Source records:
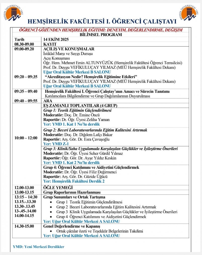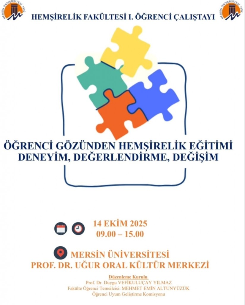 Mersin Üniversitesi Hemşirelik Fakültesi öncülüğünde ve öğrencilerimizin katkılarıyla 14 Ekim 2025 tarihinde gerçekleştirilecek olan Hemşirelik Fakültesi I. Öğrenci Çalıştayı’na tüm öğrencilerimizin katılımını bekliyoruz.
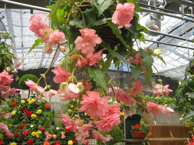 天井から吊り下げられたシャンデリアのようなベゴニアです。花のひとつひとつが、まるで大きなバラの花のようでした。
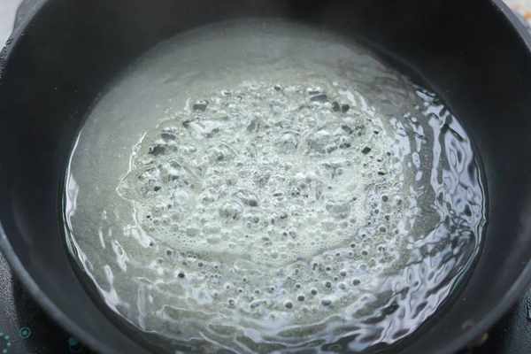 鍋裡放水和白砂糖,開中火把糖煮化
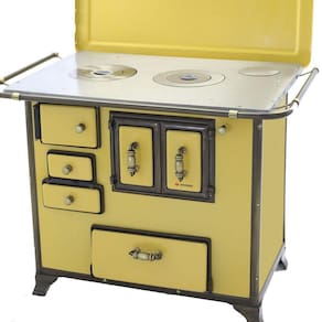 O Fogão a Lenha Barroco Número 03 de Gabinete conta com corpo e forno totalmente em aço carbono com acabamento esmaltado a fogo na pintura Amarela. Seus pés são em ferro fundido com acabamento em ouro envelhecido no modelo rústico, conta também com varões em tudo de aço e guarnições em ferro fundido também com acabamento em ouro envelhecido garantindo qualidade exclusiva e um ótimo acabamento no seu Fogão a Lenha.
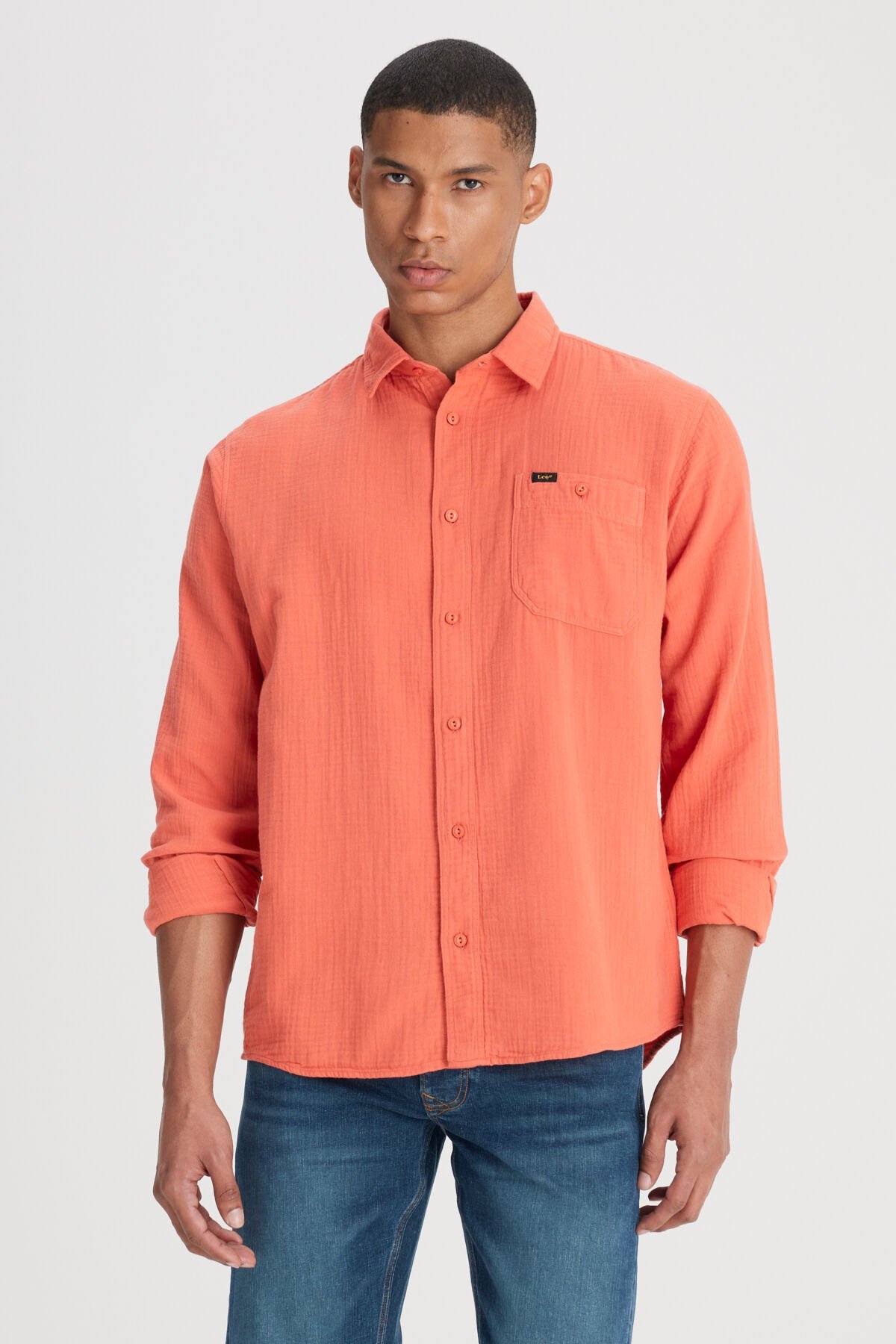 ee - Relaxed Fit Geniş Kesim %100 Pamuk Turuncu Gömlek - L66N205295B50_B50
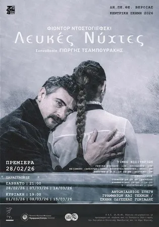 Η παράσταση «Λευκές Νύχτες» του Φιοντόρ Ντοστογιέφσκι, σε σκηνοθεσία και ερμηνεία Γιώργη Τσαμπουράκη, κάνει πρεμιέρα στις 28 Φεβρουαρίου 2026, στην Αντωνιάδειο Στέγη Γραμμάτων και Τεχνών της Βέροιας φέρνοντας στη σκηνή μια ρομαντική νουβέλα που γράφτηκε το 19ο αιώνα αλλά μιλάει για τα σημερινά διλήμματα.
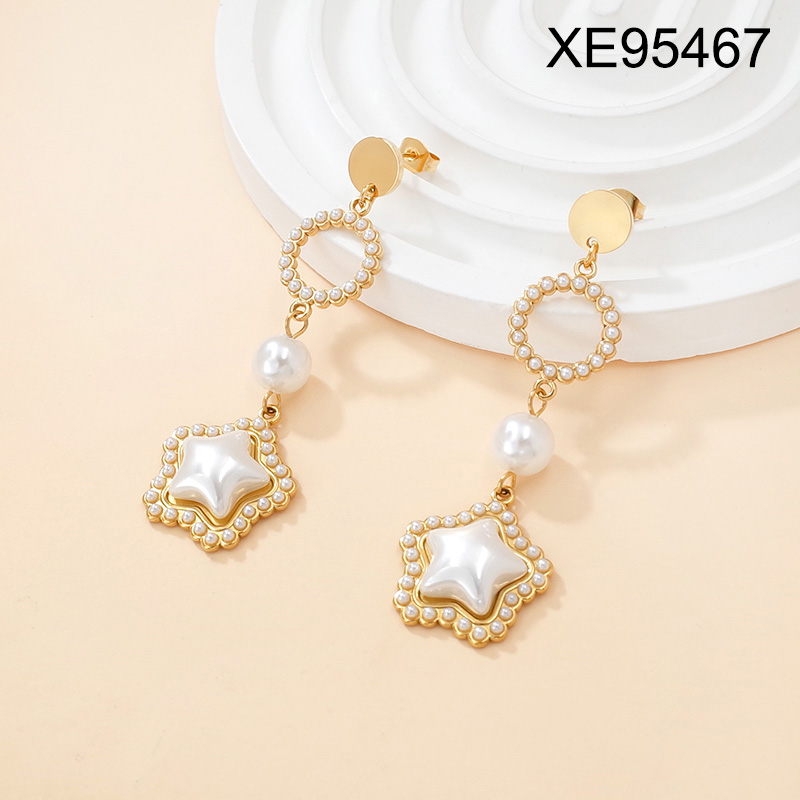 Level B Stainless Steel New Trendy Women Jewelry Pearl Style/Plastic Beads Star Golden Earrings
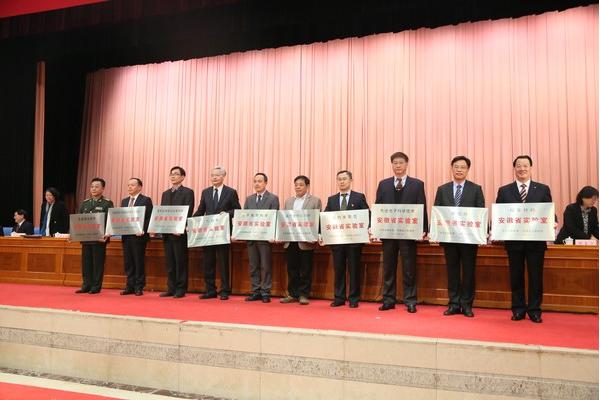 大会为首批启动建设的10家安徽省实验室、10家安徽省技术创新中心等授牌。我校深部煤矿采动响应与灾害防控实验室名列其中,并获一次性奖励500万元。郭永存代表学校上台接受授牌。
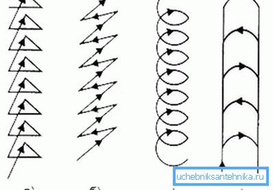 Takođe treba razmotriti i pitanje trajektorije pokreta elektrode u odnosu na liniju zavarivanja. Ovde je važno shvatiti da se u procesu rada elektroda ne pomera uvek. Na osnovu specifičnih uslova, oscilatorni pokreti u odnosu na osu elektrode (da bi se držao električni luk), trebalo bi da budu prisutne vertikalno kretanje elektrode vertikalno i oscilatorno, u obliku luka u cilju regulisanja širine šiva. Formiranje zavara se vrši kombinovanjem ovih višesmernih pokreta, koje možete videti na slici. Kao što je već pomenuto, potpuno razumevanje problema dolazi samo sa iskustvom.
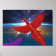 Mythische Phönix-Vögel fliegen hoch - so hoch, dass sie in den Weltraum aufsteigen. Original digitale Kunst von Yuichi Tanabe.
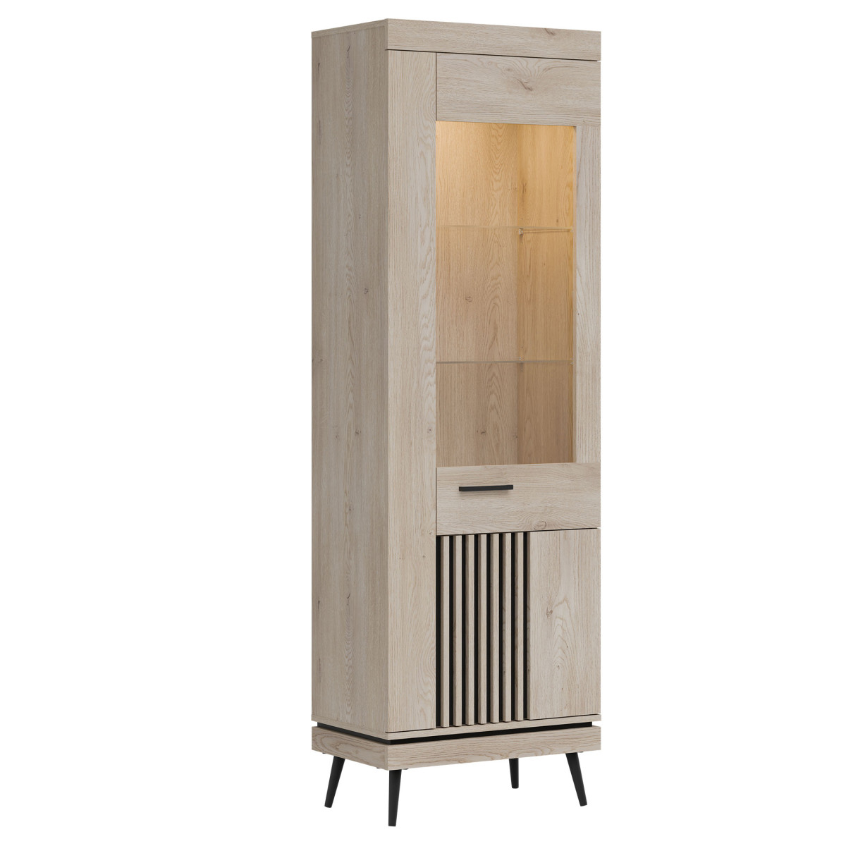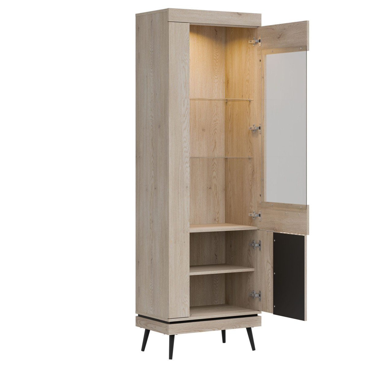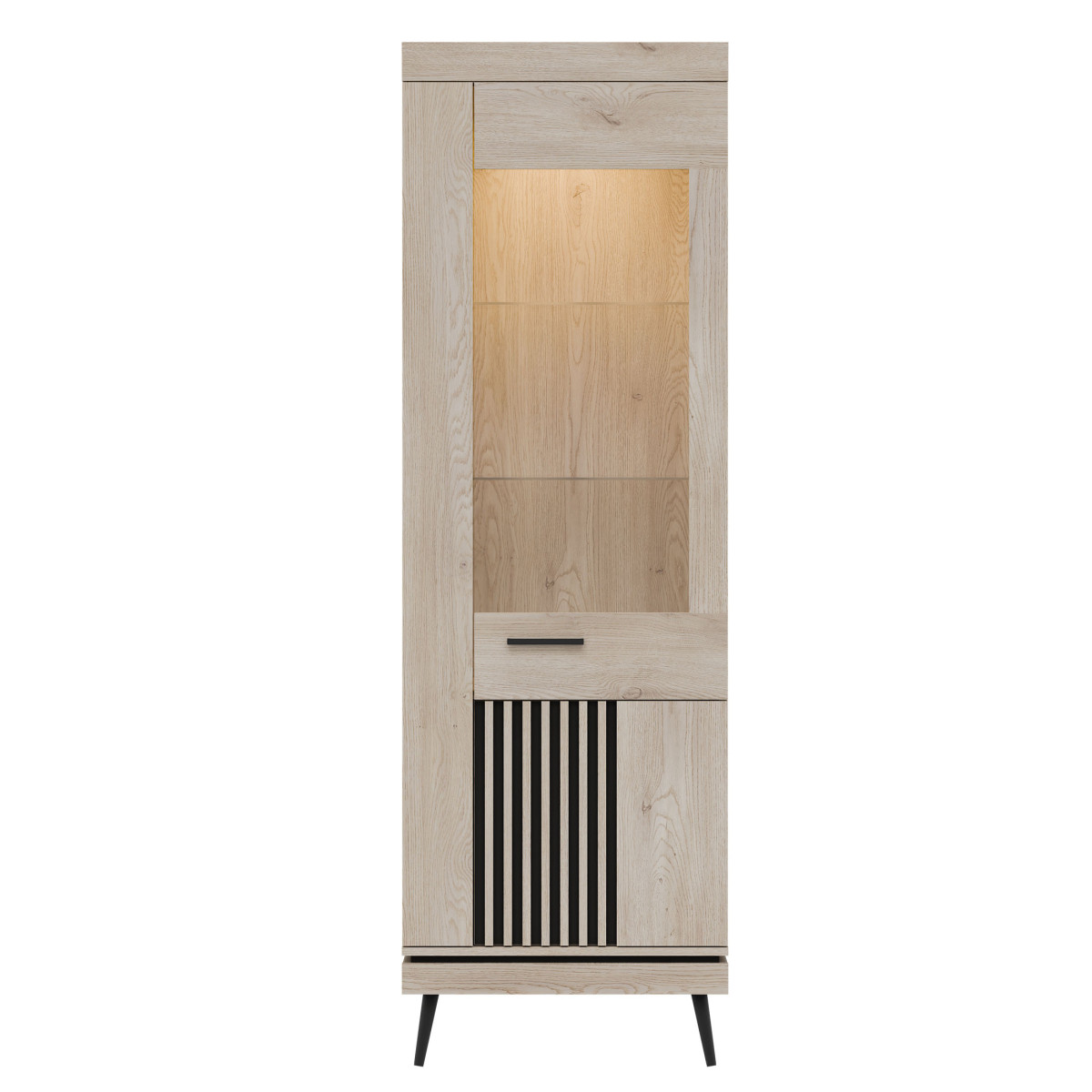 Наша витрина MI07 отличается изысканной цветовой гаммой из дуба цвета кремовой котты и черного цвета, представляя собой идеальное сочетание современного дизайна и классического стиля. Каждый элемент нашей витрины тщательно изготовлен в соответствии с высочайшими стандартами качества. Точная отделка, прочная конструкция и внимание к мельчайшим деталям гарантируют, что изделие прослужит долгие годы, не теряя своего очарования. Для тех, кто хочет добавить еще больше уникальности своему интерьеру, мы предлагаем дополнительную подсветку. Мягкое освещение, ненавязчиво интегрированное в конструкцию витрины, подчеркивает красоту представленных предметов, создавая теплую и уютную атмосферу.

REQUIRED ACTION:
With the pictures omitted, print each line of the data above precisely as given.

TASK RESPONSE:
 Mersin Üniversitesi Hemşirelik Fakültesi öncülüğünde ve öğrencilerimizin katkılarıyla 14 Ekim 2025 tarihinde gerçekleştirilecek olan Hemşirelik Fakültesi I. Öğrenci Çalıştayı’na tüm öğrencilerimizin katılımını bekliyoruz.
 天井から吊り下げられたシャンデリアのようなベゴニアです。花のひとつひとつが、まるで大きなバラの花のようでした。
 鍋裡放水和白砂糖,開中火把糖煮化
 O Fogão a Lenha Barroco Número 03 de Gabinete conta com corpo e forno totalmente em aço carbono com acabamento esmaltado a fogo na pintura Amarela. Seus pés são em ferro fundido com acabamento em ouro envelhecido no modelo rústico, conta também com varões em tudo de aço e guarnições em ferro fundido também com acabamento em ouro envelhecido garantindo qualidade exclusiva e um ótimo acabamento no seu Fogão a Lenha.
 ee - Relaxed Fit Geniş Kesim %100 Pamuk Turuncu Gömlek - L66N205295B50_B50
 Η παράσταση «Λευκές Νύχτες» του Φιοντόρ Ντοστογιέφσκι, σε σκηνοθεσία και ερμηνεία Γιώργη Τσαμπουράκη, κάνει πρεμιέρα στις 28 Φεβρουαρίου 2026, στην Αντωνιάδειο Στέγη Γραμμάτων και Τεχνών της Βέροιας φέρνοντας στη σκηνή μια ρομαντική νουβέλα που γράφτηκε το 19ο αιώνα αλλά μιλάει για τα σημερινά διλήμματα.
 Level B Stainless Steel New Trendy Women Jewelry Pearl Style/Plastic Beads Star Golden Earrings
 大会为首批启动建设的10家安徽省实验室、10家安徽省技术创新中心等授牌。我校深部煤矿采动响应与灾害防控实验室名列其中,并获一次性奖励500万元。郭永存代表学校上台接受授牌。
 Takođe treba razmotriti i pitanje trajektorije pokreta elektrode u odnosu na liniju zavarivanja. Ovde je važno shvatiti da se u procesu rada elektroda ne pomera uvek. Na osnovu specifičnih uslova, oscilatorni pokreti u odnosu na osu elektrode (da bi se držao električni luk), trebalo bi da budu prisutne vertikalno kretanje elektrode vertikalno i oscilatorno, u obliku luka u cilju regulisanja širine šiva. Formiranje zavara se vrši kombinovanjem ovih višesmernih pokreta, koje možete videti na slici. Kao što je već pomenuto, potpuno razumevanje problema dolazi samo sa iskustvom.
 Mythische Phönix-Vögel fliegen hoch - so hoch, dass sie in den Weltraum aufsteigen. Original digitale Kunst von Yuichi Tanabe.
 Наша витрина MI07 отличается изысканной цветовой гаммой из дуба цвета кремовой котты и черного цвета, представляя собой идеальное сочетание современного дизайна и классического стиля. Каждый элемент нашей витрины тщательно изготовлен в соответствии с высочайшими стандартами качества. Точная отделка, прочная конструкция и внимание к мельчайшим деталям гарантируют, что изделие прослужит долгие годы, не теряя своего очарования. Для тех, кто хочет добавить еще больше уникальности своему интерьеру, мы предлагаем дополнительную подсветку. Мягкое освещение, ненавязчиво интегрированное в конструкцию витрины, подчеркивает красоту представленных предметов, создавая теплую и уютную атмосферу.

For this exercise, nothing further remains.